The construction of this bridge began many centuries ago. It is recorded that the bridge was crossed for the first time in the 15th century. In 1583, a new bridge was built in the style of Persian architecture. While it was possible to cross the old bridge only on foot, the bridge built by Abdullah Khan II was made possible to cross on horses and horse-carts. The main initiator of the construction of the bridge was the Shayban ruler Abdullah Khan II. He developed the city, took care of its inhabitants, and most importantly, wanted to turn Qarshi into an important trade center. During the reign of Abdullah Khan II, one of the largest bridges in Asia was built in Qarshi. The length of the bridge is 122 meters, the width is 8.2 meters, the height above the water is more than 5 meters.
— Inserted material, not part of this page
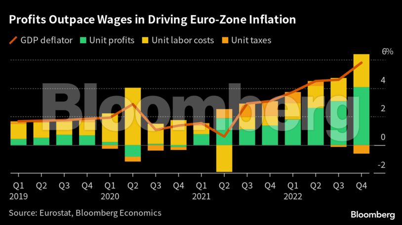 Σύμφωνα με την αναλυτή του Bloomberg Economics, Μαέβα Κάζιν, τα εταιρικά κέρδη αποτελούν σημαντικότερο παράγοντα όσον αφορά την αύξηση των τιμών σε σχέση με το κόστος εργασίας από το 2021. Η αναλυτής υπολογίζει πως τα 2/3 των περσινών πληθωριστικών πιέσεων οφείλονταν στην αύξηση των εταιρικών κερδών μέχρι το τέλος του 2022.
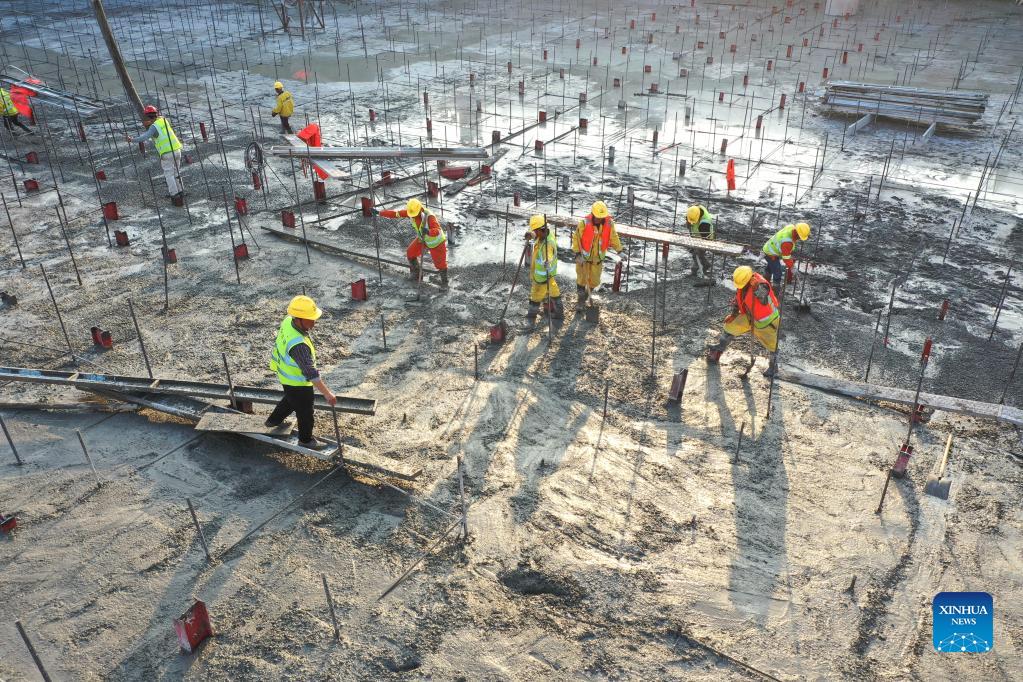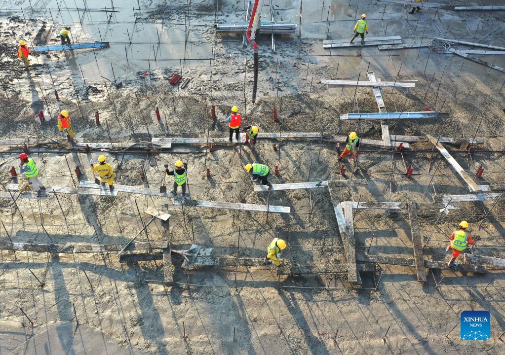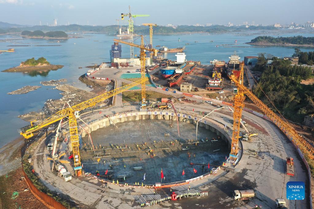Aerial photo taken on Dec. 16, 2021 shows the construction site of the Longmen Bridge in Qinzhou City, south China's Guangxi Zhuang Autonomous Region. Located in the city of Qinzhou, the Longmen Bridge, a cross-sea bridge serving as a part of an expressway connecting coastal cities along the Beibu Gulf of Guangxi, stretches 7.6 km, with the main bridge span measuring 1,098 meters in length. (Xinhua/Zhou Hua)

The bridge is supported by 10 connecting arches. The total height of the river to its middle covers is 5.35 meters. On both sides of the bridge, staircases were built. Its base expands as it descends. As a result, it merges with the constellations, each of which has a radius of 2 meters.

At that time, this building became the main stopover area of Qarshi merchants. Because of this, the Qarshi bridge later became a symbol of the city. In the Middle Ages, this bridge facilitated the movement of important caravan routes connecting Iran and India with many European countries through Nasaf (Qarshi).

According to German Vambery, a scientist and tourist, in the 1860s, there were 10 hostel, a large market, and a park where residents of the city could relax. He noted that he had not seen such a park in other countries.

==Architecture==

The bridge construction materials, which are considered to be among the ancient structures of Central Asia, mainly consisted of aerated bricks and reinforcing compounds. A total of 12 piers and 14 arches were visible on the bridge. Over time, the river bed expands, and the bridge needs to be extended and repaired. Due to this, in 1914, the bridge was renovated, additional parts were built on both sides of it, and two guardhouses made of adobe bricks were built at the entrance. Also, the ancient piers on the edge of the coast were renovated. In this regard, there are inscriptions written on the brick slabs there. They were demolished in 1970 because they interfered with freight traffic, but were rebuilt in 2005.

In 2016, on the initiative of Islam Karimov, the historical bridge was renovated and its surroundings turned into a recreation area. A small alley was built here. Along the banks of the river, a café-bar, a cottage, a sports field with an artificial surface and a children's playground were built.